[Exercise] Return only the lines from the start of the records through the line that contains "Preciosas sandalias de", inclusive; leave out all pictures.
'''
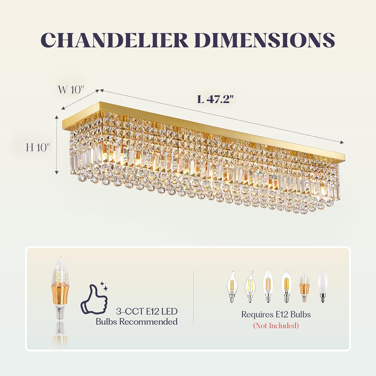 - BULB REQUIREMENTS: 10 E12 bulbs are required for the rectangular crystal chandelier (max power 40W, not included). Compatible with a variety of E12 bulbs such as incandescent, fluorescent, CFL, halogen. You can use dimmable bulbs and dimmer switch (not included) to change the light color and brightness of the rectangle dining room light fixture
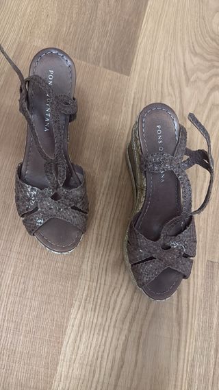 Preciosas sandalias de cuña, ideales para el verano. Como nuevas - Color azul marino y marrón. - Suela de esparto. - Cierre con hebilla.
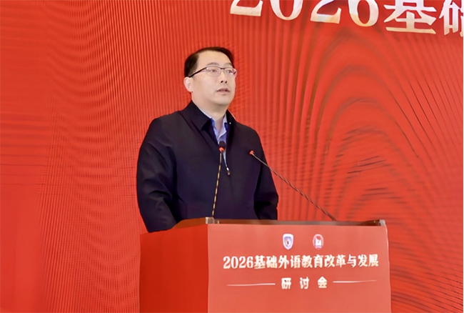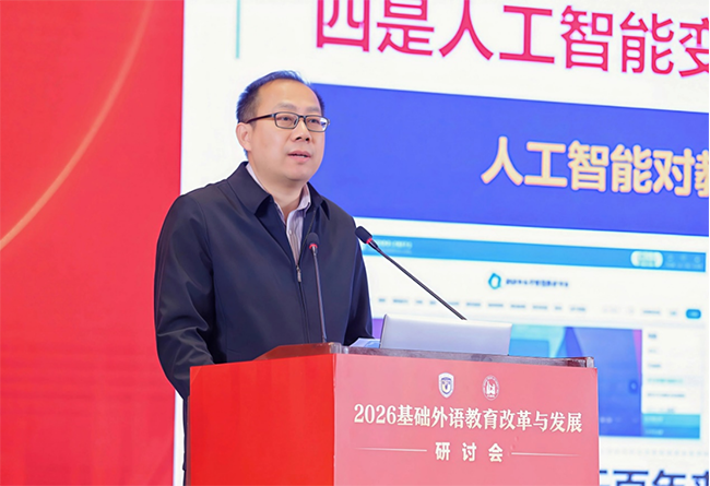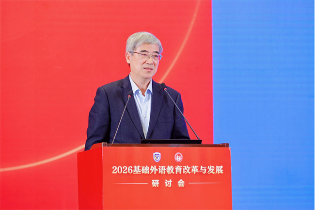 王定华作题为“服务国家战略,增进中外交流——新时代外语教育的新使命与新担当”的主旨报告。他强调,新时代外语教育要以服务国家战略、增进中外交流为核心使命与担当。第一,以服务国家战略彰显价值,外语教育是国家战略重要内容,需培养兼具家国情怀、全球视野与专业本领的国际化人才,为国家储备参与全球治理、讲好中国故事的后备力量。第二,以教育家精神铸魂教师队伍,依托教育家精神打造高素质专业化外语教师,要求教师具备政策认知、全球视野、数智能力、人文素养等核心素养。第三,以人工智能赋能教学变革,借力生成式AI推动教育向新质素养本位跃升,构建“学校—家庭—社会—智能”四域融合学习生态,善用技术优化教学并坚守教育温度。第四,以守正创新坚守育人初心,纠正“重工具轻人文、重应试轻素养”倾向,融入课程思政,实现从学科教学到学科育人的转变。第五,以促进中外交流拓展空间,培养学生全球胜任力,开展国际教育合作、援助与全球治理参与,助力教育强国建设,谱写新时代外语教育新篇章。
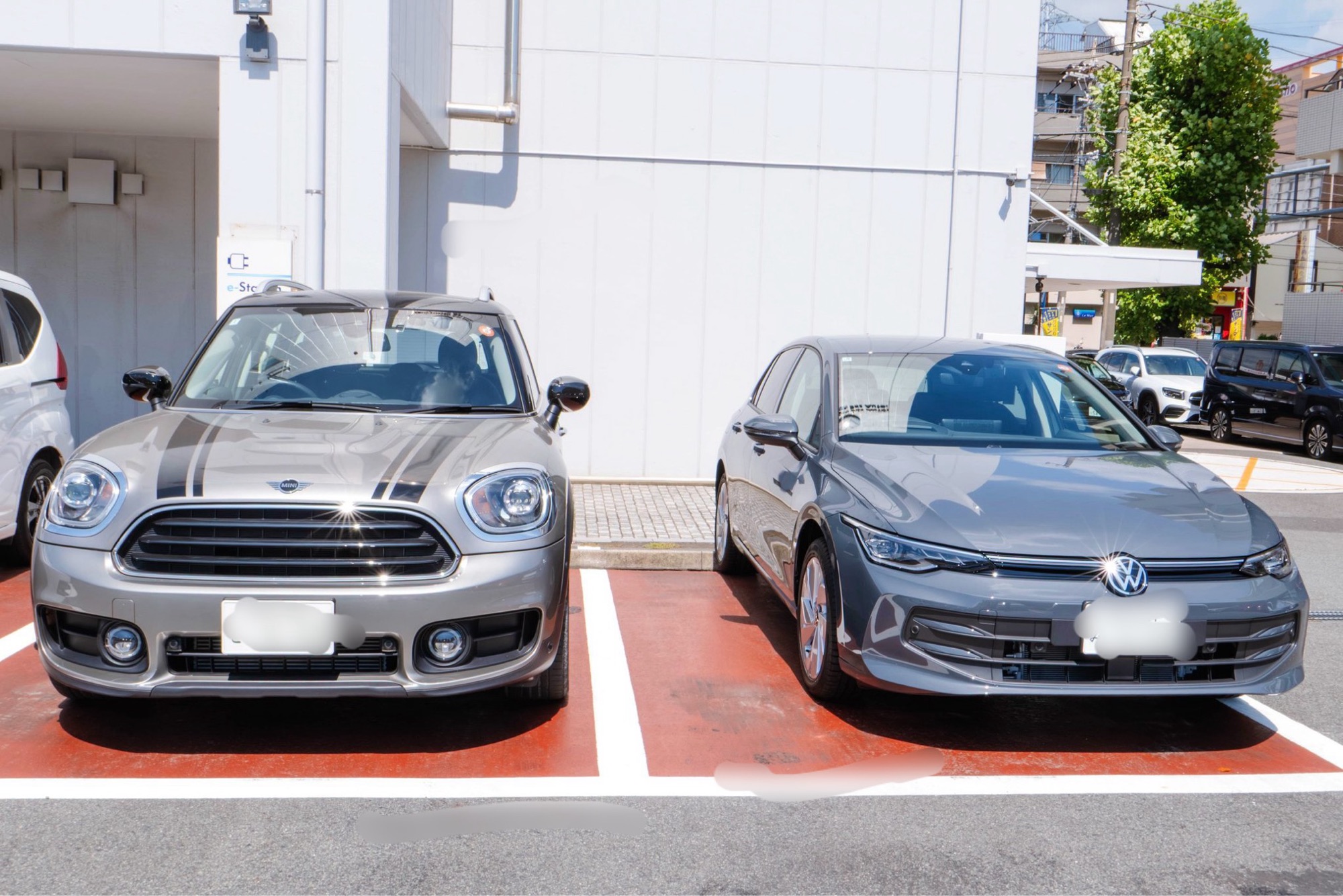 これまでの愛車MINIちゃんと新しくお迎えするゴルフちゃんの2ショット。MINIは大好きな車だったので、ちょっとほろっとします。たくさんの思い出をありがとう♪
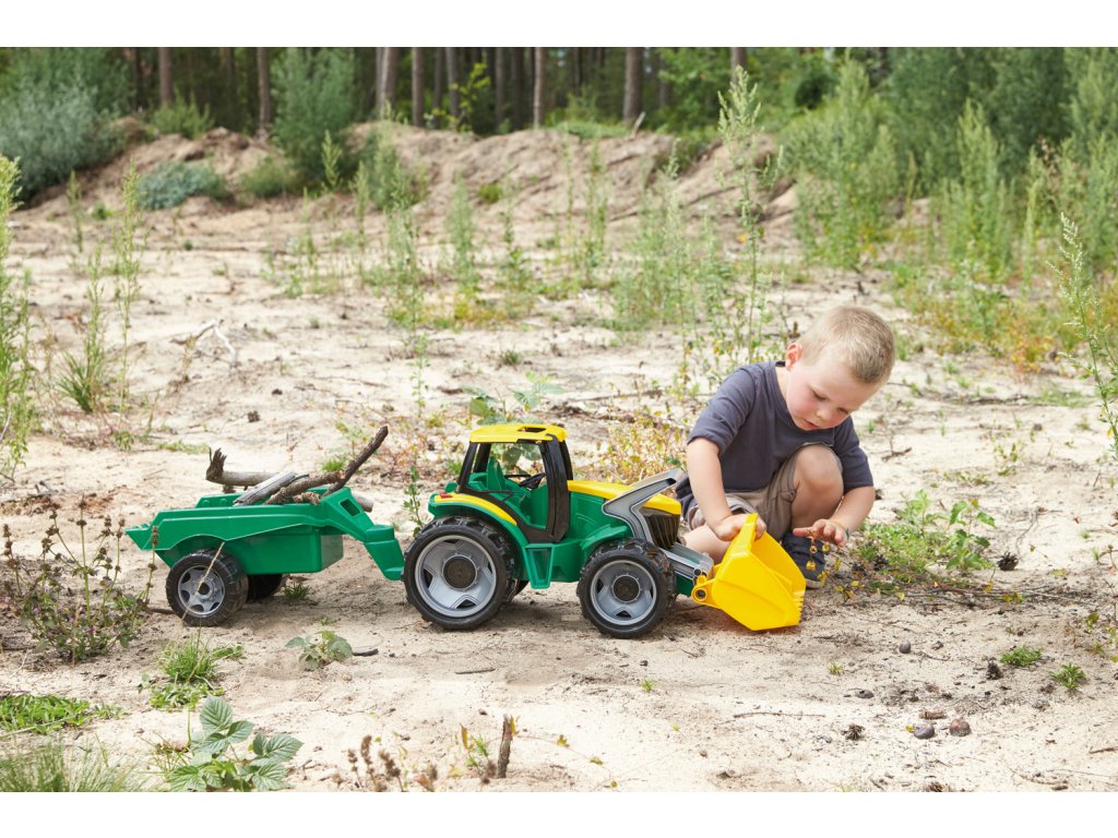 Kvalitně zpracovaný traktor s nakládací lžíci a přívěsem byl navrhnut a vyroben tak, aby odpovídal požadovanému modernímu vzhledu, funkčnosti, odolnosti, kvalitnímu zpracování, maximální hrací hodnotě. Hlavní vlastnosti: splňuje požadavky EU na bezpečnost hračekvyrobeno z kvalitního, odolného plastupodporuje kreativitu a představivostSizing info
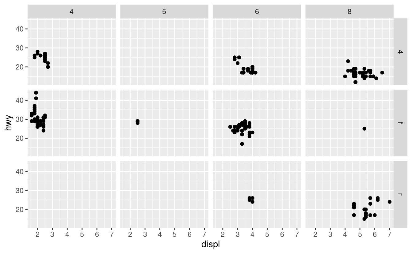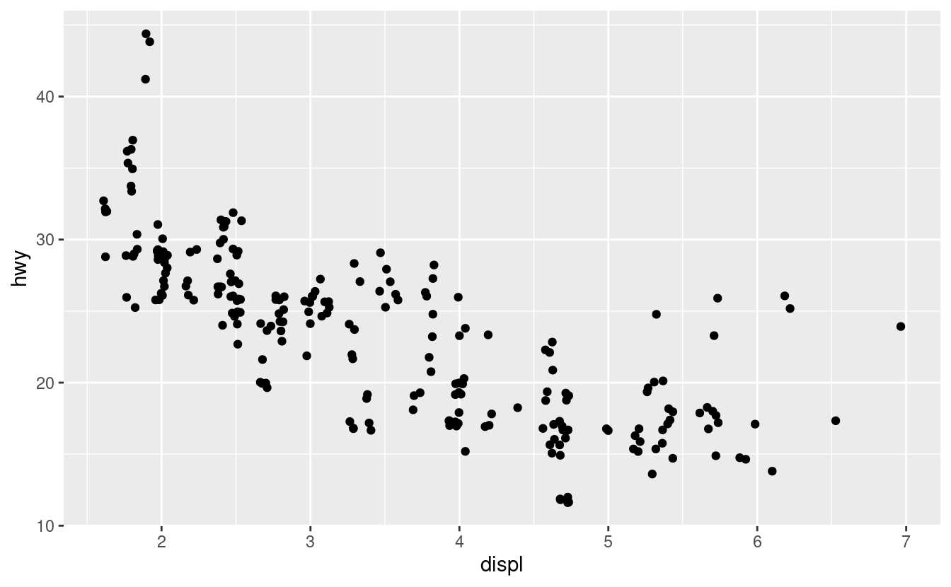 ggplot(data = mpg, mapping = aes(x = displ, y = hwy)) +
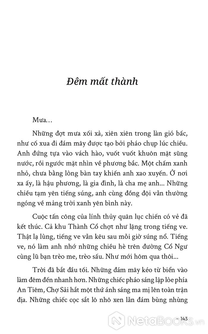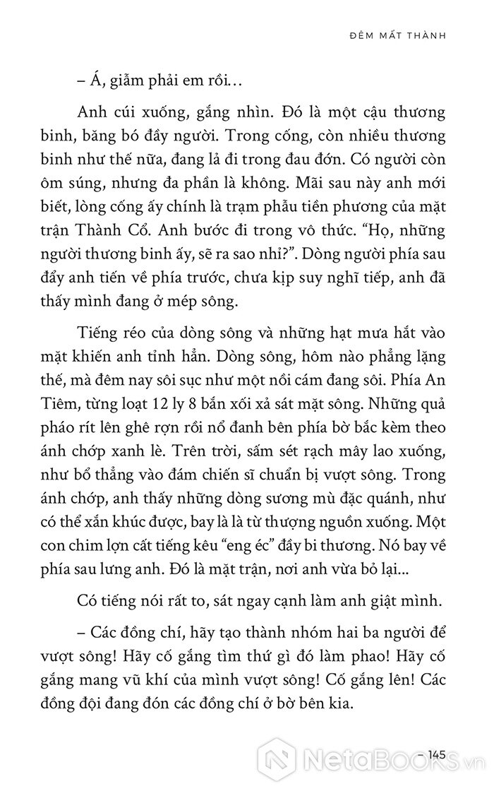 Anh nằm đó, bên bờ sông Thạch Hãn. Bầu trời vần vũ của đêm chiến tranh như đang nghiến răng hầm hè. Cuộc chiến đấu vẫn đang chờ ở phía trước.”
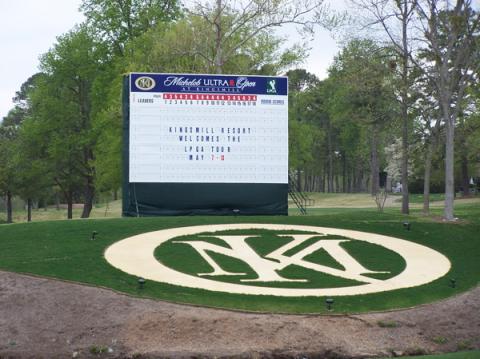 Kingsmill's River Course is 30 years old and is the best known of the three - the other two are the Plantation and the Woods.  Pete Dye reworked his own River Course design four years ago at a cost of about $5 million, all paid for by the resort with no assessment to members.  The men's tees play to a mild 6,325kingsmilllpgawelcome_sign.jpg yards with a rating of 70.9 and slope of 133. (Note:  I probably picked up an old yardage book which indicated a rating of 71.9 and slope of 138, quite a difference from what I saw.)  Dye softened up the course to come more in line with its resort function as well as the switch from a PGA to an LPGA venue.  In its previous design, the course had hosted a PGA tour event for 22 years.  The ladies at the LPGA event this year are playing from 6,300 yards.
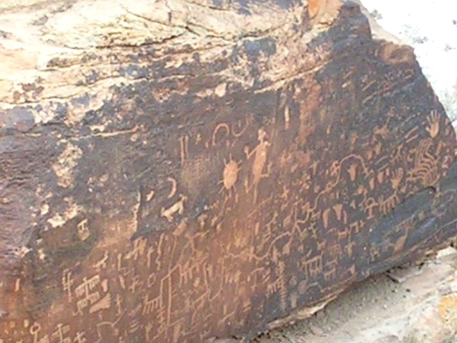 何か解りませんが、絵のようです。これまた人が大昔ココにいたことを証明するものなのでしょう。でなきゃ、宇宙人の仕業でしょうか?笑 ま、ここに住んでいた古代人のなせる業と考えるのが妥当でしょう。さっきの廃墟跡に住んでいた人たちが残したものかもしれません。まったく意味不明ですが、岩に掘り込んででも残したい、言いたいことがあったのでしょう。当時の人は一体何が言いたかったのでしょうか... |
'''
[Result of the task]
 - BULB REQUIREMENTS: 10 E12 bulbs are required for the rectangular crystal chandelier (max power 40W, not included). Compatible with a variety of E12 bulbs such as incandescent, fluorescent, CFL, halogen. You can use dimmable bulbs and dimmer switch (not included) to change the light color and brightness of the rectangle dining room light fixture
 Preciosas sandalias de cuña, ideales para el verano. Como nuevas - Color azul marino y marrón. - Suela de esparto. - Cierre con hebilla.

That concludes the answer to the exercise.